For the record, instead of a call-stack, the CDC 6000 series instruction set used the RJ instruction to call a subroutine. This saved the current PC value at the call target location and then branches to the location following it. At the end, a subroutine would perform an indirect jump to the call target location. That reloaded saved PC, effectively returning to the caller.
Obviously, that does not work with recursive calls. (And my recollection is that the CDC FORTRAN IV compiler would generate broken code if you did attempt recursion ...)
There is an easy to understand description of continuations on this article: http://www.defmacro.org/ramblings/fp.html
Continuations are something you can pass into a function in a stack-based language, but which can also be used by a language's own semantics to make it "stackless". Of course the stack is still there, but as Ira Baxter described, it's not one big contiguous segment.
Say you wanted to implement stackless C. The first thing to realize is that this doesn't need a stack:
a == b
But, does this?
isequal(a, b) { return a == b; }
No. Because a smart compiler will inline calls to isequal, turning them into a == b. So, why not just inline everything? Sure, you will generate more code but if getting rid of the stack is worth it to you then this is easy with a small tradeoff.
What about recursion? No problem. A tail-recursive function like:
bang(x) { return x == 1 ? 1 : x * bang(x-1); }
Can still be inlined, because really it's just a for loop in disguise:
bang(x) {
for(int i = x; i >=1; i--) x *= x-1;
return x;
In theory a really smart compiler could figure that out for you. But a less-smart one could still flatten it as a goto:
ax = x;
if(ax > 1) {
x = x*(--ax);
There is one case where you have to make a small trade off. This can't be inlined:
fib(n) { return n <= 2 ? n : fib(n-1) + fib(n-2); }
Stackless C simply cannot do this. Are you giving up a lot? Not really. This is something normal C can't do well very either. If you don't believe me just call fib(1000) and see what happens to your precious computer.

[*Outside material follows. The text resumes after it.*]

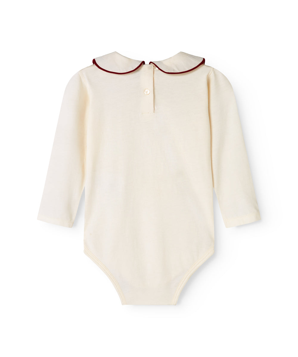 Hvid bodystocking med krave og fine blomsterbroderier til baby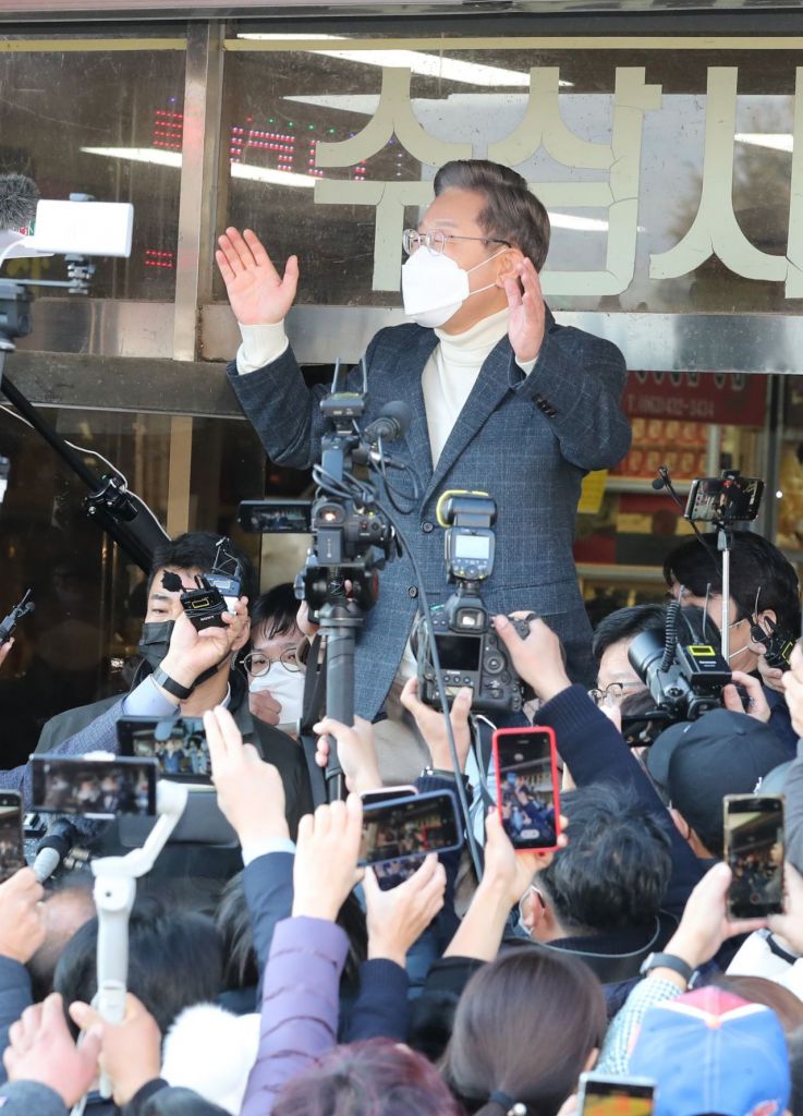 이재명 더불어민주당 대선후보가 5일 전북 진안군 인삼상설시장에서 시민들에게 지지를 호소하고 있다. [이미지출처=연합뉴스]

Please feel free to correct me if I'm wrong, but I would think that allocating memory on the heap for each function call frame would cause extreme memory thrashing. The operating system does after all have to manage this memory. I would think that the way to avoid this memory thrashing would be a cache for call frames. So if you need a cache anyway, we might as well make it contigous in memory and call it a stack.